1In the final analysis, it needs to be understood that the existence of State-owned firms in the manufacturing sector, for instance, is not about profit maximisation. Very often, it is about multidimensional objectives like employing the masses, keeping prices low in specific sectors, reducing regional imbalances, and operating in areas and sectors where the private sector is unwilling or not well-suited. Hence, social objectives are often primarily the reasons why the government is present in sectors that it should not be in. In such cases, asset monetisation can play a critical role. While the government will retain ownership and control, the operation and utilisation of assets will be in the hands of the private sector but these assets will eventually be handed back to the Central government after the lease expires. In the interim, it is a win-win situation for everyone. While the government can mobilise resources without incurring huge budgetary or fiscal deficits, the private sector also earns revenues for as long as the lease period is underway.

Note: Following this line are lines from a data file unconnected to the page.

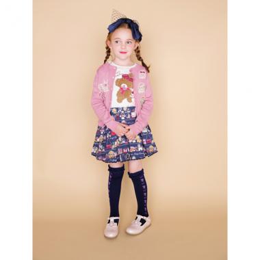 ファッション雑貨やテディベアなどをモチーフにした、キュートな総柄が乙女心をくすぐるタックスカートです。裾へ波形のブレードをあしらい、細部まで愛らしい仕上がりに♪ ウエストはアジャスターゴムで程良いサイズ感に調節できます。右側にはポケットつきです。
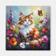 This magnet has a cute whimsical colorful folk art cat sitting in flowers and surrounded by butterflies done in an impasto style.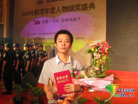 张阳参加2009年都市年度人物颁奖盛典。本人供图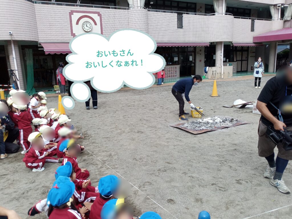 そして数日後、お芋掘り遠足で収穫したお芋を熱々の鉄板の上に置いて、温かい焼き芋さんに大変身しました!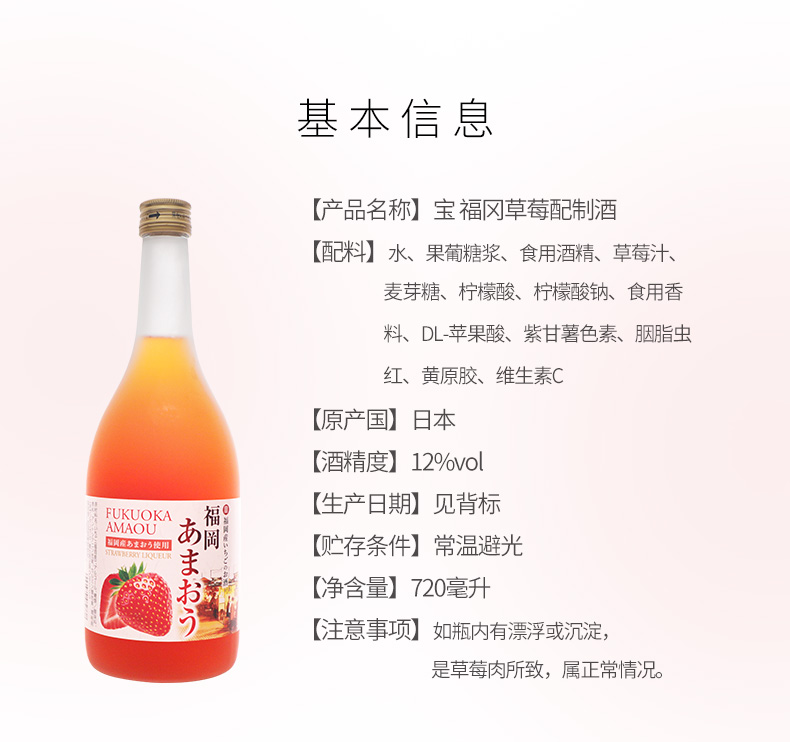 宝酒造福冈草莓配制酒原装进口TaKaRa女士利口甜果酒720ml佐餐酒 LFYC
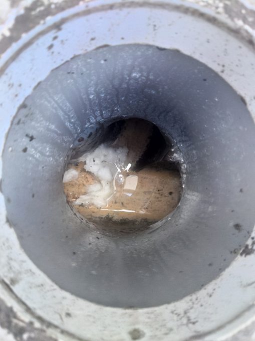 点検後、台所下のシンクから屋外の排水マスの油詰まりが原因とお客様にお伝えしたところ、この際綺麗にしてしまいたいと排管清掃作業のご依頼をいただきました。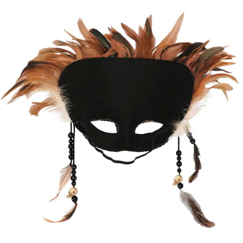 Voodoo Halvmaske med Fjer omfatter en halvmaske som holdes på plads med et sort elastisk bånd og har voodoomotiv. Masken er dekoreret med sorte fletninger og har udstikkende fjer i hvide og brune nuancer. På siderne af masken hænger der sorte perler, dødningehoveder i beige nuancer samt fjer.

The Central government in turn can use the revenues generated by leasing assets via asset monetisation, to give a bigger impetus to infrastructure projects. To cut to the chase, while disinvestment means the government will offload less than 50% stake in public sector undertakings to the private sector, privatisation implies that the government will offload more than 50% stake to the private sector. In sharp contrast, asset monetisation via the NMP is neither about disinvestment nor about privatisation. While privatisation involves transfer of both assets and ownership, asset monetisation only involves transfer/lease of assets for a specified period, without any transfer of government control or ownership. Hence, asset monetisation via the NMP is an excellent decision by the Modi government to mobilise resources, without a fire sale.” When the world is in crisis, we must pledge—a pledge which is bigger than the crisis itself. We must strive to make the 21st century India’s century. And the path to do that is self-reliance,” said Prime Minister Narendra Modi, in May 2020. Indeed, the NMP is one more step towards realising that pledge of world-class infrastructure and an Aatmanirbhar Bharat.

The author is an economist, national spokesperson of the BJP, and the bestselling author of ‘Truth & Dare: The Modi Dynamic’. Views expressed are writer’s personal.